Wait. Why do you think the computer isn’t having a first-person experience?

It’s not a person. I am kidding. If you believe the computer experiences pain, I would love to have that conversation.

Let’s talk about the following situation. Let’s talk about a neural net. I mean, they’re not that sophisticated yet and they’re not that kind of recurrent, they tend to just feed the data through the network. But, you know, we’ve got a neural net and it’s being trained by experiences that it’s having. Then the neural net has some terrible experience. It’s terribly traumatic for the neural net. That trauma will have a consequence. If we were to look, sort of forensically, at how that had affected the weights in the neural net, we would find that there were all these weights that were affected in this or that way by the traumatic experience the neural net has had. In what sense do we then think–we then have to tease apart, what’s the difference between the effect of that experience the neural net had, and the experience the brain has.

That’s even more insidious than putting somehow people, and hurricanes, and iPhones in kind of the same level. That’s even worse because, in a way what you’re saying is, I had this car, and I’m lost in the woods and the car’s overheating, and the engine is out of oil, and the tires are torn up, and I’m tearing that car up. But, I’m being pursued or something, and I have to get out of the woods. I essentially just destroy this car making my way out. If your assumption is, “Well, that car experienced something” you know, you were afraid of getting eaten by lions but you killed the car in doing it. And to somehow put those two things on the same level, you can’t really make that choice.

Well, the morality of AI is a complicated matter. For example, if you consider…

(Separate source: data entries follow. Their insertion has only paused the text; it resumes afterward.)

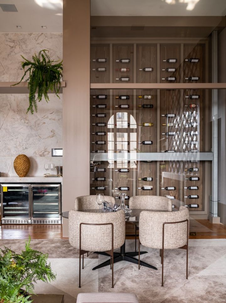 O destaque do living de 58 m² e pé direito de 4.20 m é a impressionante adega, que utiliza o espaço através da sua verticalização e conta com a ajuda de um robô para coletar os vinhos e entregá-los ao degustador.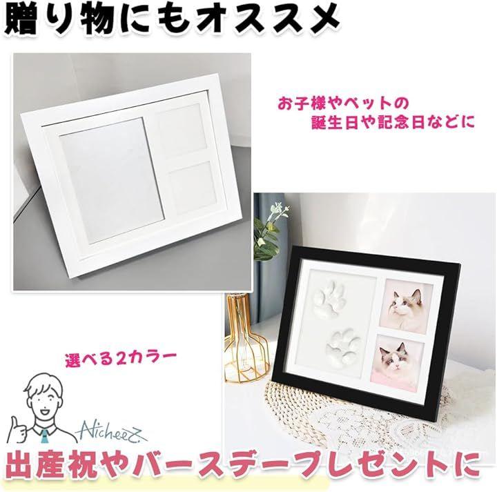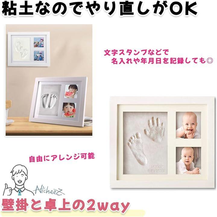 「商品内容」 手足型取り付きフォトフレーム カラー:ホワイト/ブラック 本体サイズ:縦/約23.5cm 横/約27.9cm 手足型部分サイズ:縦/約15.2cm 横/約11.5cm (フォト部分/1枚)縦/約6.8cm 横/約6.8cm *粘土は水などで揉んで少し伸ばしてからお使いいただくとキレイに型取りができます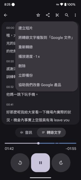 錄音完成後,點選「儲存」即可回到播放介面。這時你會發現 App 提供多種後續功能,例如「建立短片」、「將轉錄文字複製到 Google 文件」、「播放速度調整」、「重新轉錄」等。如果你已登入 Google 帳戶,還可啟用雲端備份功能,確保所有錄音與轉錄文字不會因手機壞掉或遺失而消失。
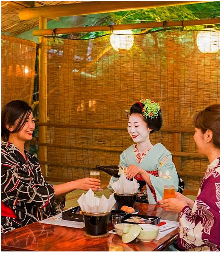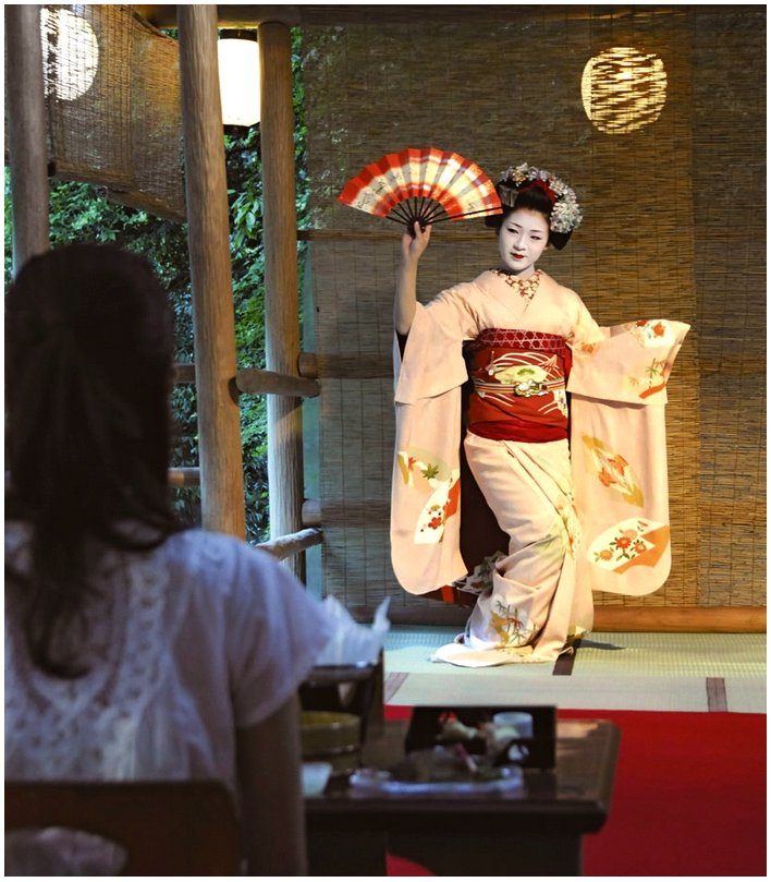 Вечеря тут - це ще й рідкісна можливість подивитися на танці майко (учениць гейш), а також задати їм питання і сфотографуватися на пам'ять.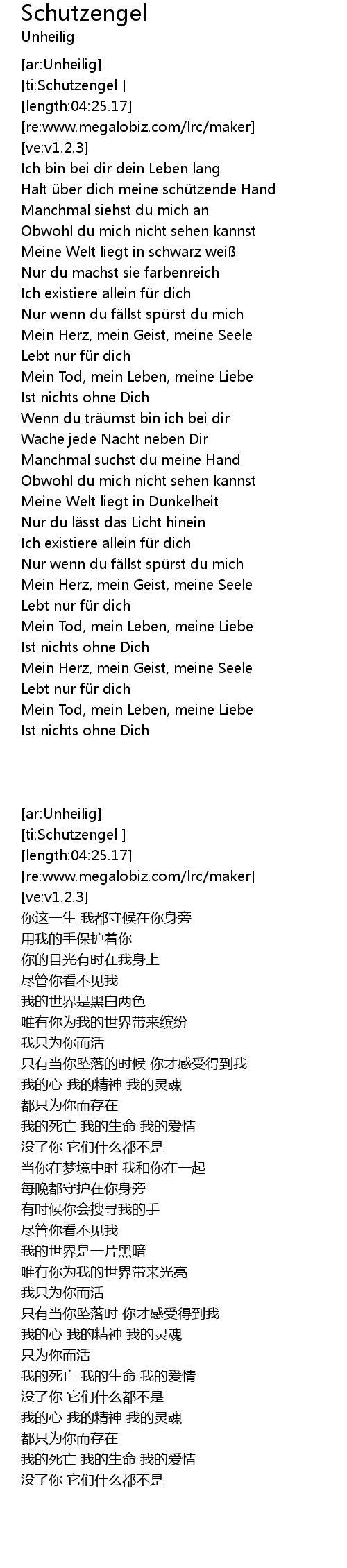 | [00:19.93] | Ich bin bei dir dein Leben lang |

I’m just asking about the basis of human rights. The basis of human rights are that humans feel pain. The reason we have laws against harming animals is because animals feel pain. What you’re suggesting is infinite loops. If you code an infinite loop, by golly, you should get fined, or go to jail.

Yeah. Well, the question, to put it in a different way, if I succeed in making a bot, autoresponder that’s like me and responds to e-mail independent of me. And for example, let’s say I’m no longer around, I’m dead, and all that’s left is the autoresponder. What are the obligations? How does one think about the autoresponder relative to thinking about the person that the autoresponder represents? What do you think? I think at that point, I haven’t actually thought this through properly, but I think if somebody says, “Let’s delete the autoresponder,” it’s interesting. What are the moral aspects of doing that?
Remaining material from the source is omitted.